[[ Records for this task, beginning ]]
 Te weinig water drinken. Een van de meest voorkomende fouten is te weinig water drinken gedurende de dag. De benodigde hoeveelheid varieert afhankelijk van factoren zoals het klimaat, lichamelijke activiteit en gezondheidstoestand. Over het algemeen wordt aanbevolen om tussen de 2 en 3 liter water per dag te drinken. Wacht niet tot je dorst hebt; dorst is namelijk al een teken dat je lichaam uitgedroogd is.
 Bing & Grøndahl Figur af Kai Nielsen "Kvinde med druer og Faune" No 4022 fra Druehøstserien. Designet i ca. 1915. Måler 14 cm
[[ Records for this task, end ]]
[[ Records for this task, beginning ]]
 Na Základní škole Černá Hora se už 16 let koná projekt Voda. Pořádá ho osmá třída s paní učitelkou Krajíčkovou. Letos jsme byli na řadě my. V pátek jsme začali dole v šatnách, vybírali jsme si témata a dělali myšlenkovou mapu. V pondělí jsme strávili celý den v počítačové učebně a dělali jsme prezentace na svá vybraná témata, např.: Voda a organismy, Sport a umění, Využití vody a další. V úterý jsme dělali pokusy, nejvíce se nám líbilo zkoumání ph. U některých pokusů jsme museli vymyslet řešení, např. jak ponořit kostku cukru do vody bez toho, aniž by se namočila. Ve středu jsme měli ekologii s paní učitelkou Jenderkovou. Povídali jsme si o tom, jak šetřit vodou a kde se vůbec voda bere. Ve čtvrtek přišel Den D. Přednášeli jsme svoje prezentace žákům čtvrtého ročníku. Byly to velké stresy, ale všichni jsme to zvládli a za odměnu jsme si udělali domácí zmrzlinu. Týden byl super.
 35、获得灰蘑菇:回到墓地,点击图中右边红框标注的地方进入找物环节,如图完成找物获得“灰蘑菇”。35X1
[[ Records for this task, end ]]
What to produce: Your answer should be the lines above, from the line containing "Te weinig water drinken." up to and including the line containing "Bing & Grøndahl", reproduced exactly and with nothing else.

Response below:
 Te weinig water drinken. Een van de meest voorkomende fouten is te weinig water drinken gedurende de dag. De benodigde hoeveelheid varieert afhankelijk van factoren zoals het klimaat, lichamelijke activiteit en gezondheidstoestand. Over het algemeen wordt aanbevolen om tussen de 2 en 3 liter water per dag te drinken. Wacht niet tot je dorst hebt; dorst is namelijk al een teken dat je lichaam uitgedroogd is.
 Bing & Grøndahl Figur af Kai Nielsen "Kvinde med druer og Faune" No 4022 fra Druehøstserien. Designet i ca. 1915. Måler 14 cm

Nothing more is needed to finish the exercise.